Southington Township School is a historic district located in Southington Township, near Warren, Ohio, United States. The district includes the original Chalker High School and Southington Elementary School, both built in 1906 and completed in 1907. It also includes the Southington Civil War monument and park, located between the two school buildings, which was built in 1910. The district was originally listed in 2011 as Chalker High School and included the monument. In 2012, the district was expanded and renamed to include the adjacent elementary school after several additions and later modifications were removed.

==History==
The district was created as a result of a donation from Newton Chalker, an attorney who was born in Southington in 1842. At the time, like most rural areas, Southington had a number of one room schoolhouses. During the late 19th and early 20th centuries, rural areas began to consolidate schoolhouses into a central school building.

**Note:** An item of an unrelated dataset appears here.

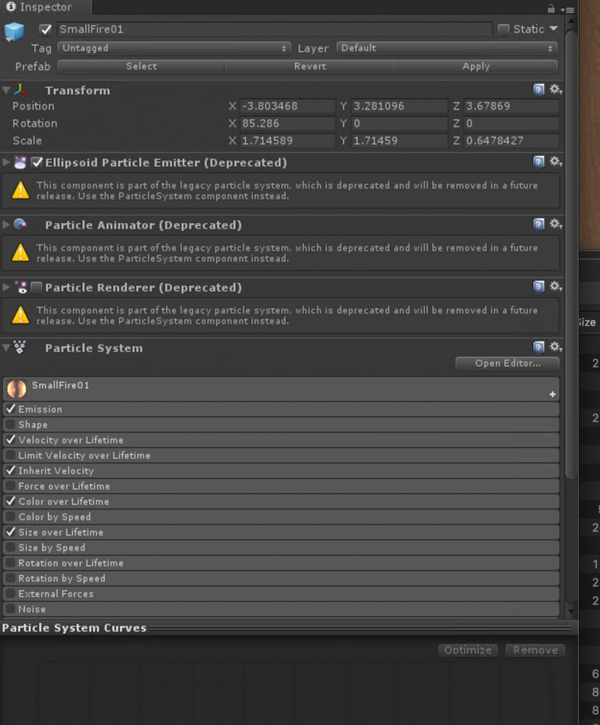 旧组件还在,可以检查差异性,也可以移除调只保留新的粒子系统组件,当然也要更新程序中的API,比如粒子停止是Stop()了.

Southington residents had voted down a proposal to consolidate the schoolhouses in 1903. In September 1905 Chalker offered to fund a high school and library for the township if residents voted to approve consolidation and build a separate elementary school. Voters approved consolidation on October 10, 1905, and the original campus was started in mid-1906 and completed in August 1907, consisting of the Chalker High School building and a smaller elementary school. In 1910, Chalker funded construction of a Civil War monument and park in the area between the high school and elementary school.

The original Chalker High School building and the Civil War monument and park were listed on the National Register of Historic Places on February 4, 2011, as Chalker High School. The following year, the district was expanded and renamed to include the former elementary school after later additions and modifications to the building, which had prevented it from being listed, were removed from the site.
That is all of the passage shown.